# heaviest you were at school?



## fatkid (Aug 27, 2008)

hey just wandering how heavy people were at school i'm in my last year and weigh 380 and am 5'4 fattest person at school!


----------



## alison.victoria (Aug 28, 2008)

I was 380 when I was in college. Probably even a bit more than that, seeing as how I didn't have a scale. In high school, I was probably around 340 or 350, and I'm 5'9".


----------



## MsGreenLantern (Aug 28, 2008)

Are we talking about Pre-college, or college included? 

I mean, in highschool I got up to about 230ish. 

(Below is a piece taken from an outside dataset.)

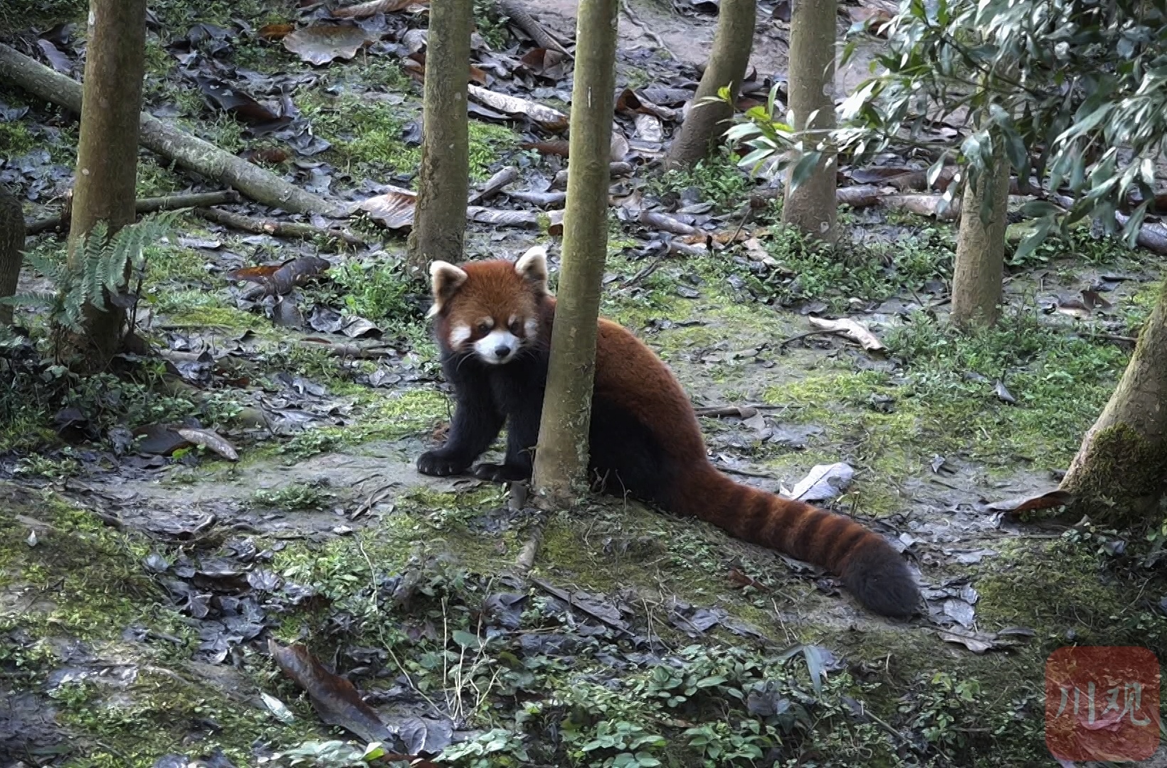 小熊猫穿梭在林间。

In Elementary school, when I was on a softball team [as the power-hitter] I was a very chubby 90lb fourth grader in stretch shorts. Oh baby! 

But yeah, college is a non-issue since I've been in and out of it for 6 or so years now. 300 is the top for me I'd say.


----------



## CurbFan (Aug 29, 2008)

Uhh... for me? 130. I guess you guys have me beat by a lot. A whooooole lot.


----------



## Shosh (Aug 29, 2008)

My heaviest weight ever was just under 300 pounds.


----------



## chublover350 (Aug 29, 2008)

in high school is was 195 and in 6'3"


----------



## Victim (Aug 29, 2008)

I think I was 215 or slightly heavier when I got out of high school. I remember being able to lift the whole leg press stack too.


----------



## Gspoon (Aug 29, 2008)

I never really changed my weight in school, I was always around 155-160


----------



## Forrest (Aug 30, 2008)

I was 160 or 180 in school. Can't remember. Now I am 270 pounds.


----------



## stillblessed23 (Aug 31, 2008)

Well since I'm still in school, well college lol, I would say about 340. Although I am about 292 right now. In middle school I was like 240 and sophomore year of high school I was 296. Then I dieted down to 240 again and then freshman year of college decided to intentionally try to get to 350. Got to 340 last year but it messed with my health a bit so had to lose weight. Maybe I'll get up there again one day once I have my PhD in the bag!


----------



## pdgujer148 (Aug 31, 2008)

I was about 220 pounds my last year of High School.


----------



## mossystate (Aug 31, 2008)

High School?...hmmmm...top weight was maybe 135-40....can't remember that far back...


----------



## OneHauteMama (Aug 31, 2008)

Hmmm...I'd have to say I was about 260lbs my last year of high school...that was my biggest back then, and I'm just over 5ft tall. My biggest ever was 293.


----------



## fffff (Aug 31, 2008)

I was 190 in the fifth grade, maybe 5 feet. Graduated around 134-140 and 5'4".


----------



## Fat Nat (Aug 31, 2008)

I was roughly 320 at 16.


----------



## thatgirl08 (Sep 1, 2008)

I'm a senior in HS this year, 315ish, my heaviest. Oh and I'm 5'7".


----------



## viracocha (Sep 1, 2008)

For me, school was never an indicator of pudginess. Whenever I get into a serious relationship, both of us end up pigging out on a consistent basis. At 6'0, my fattest in high school was 190, skinniest 160. I went into college in 2006 weighing 170, and am now a senior at 215. Although I probably lost about 20 lbs. this summer in field school...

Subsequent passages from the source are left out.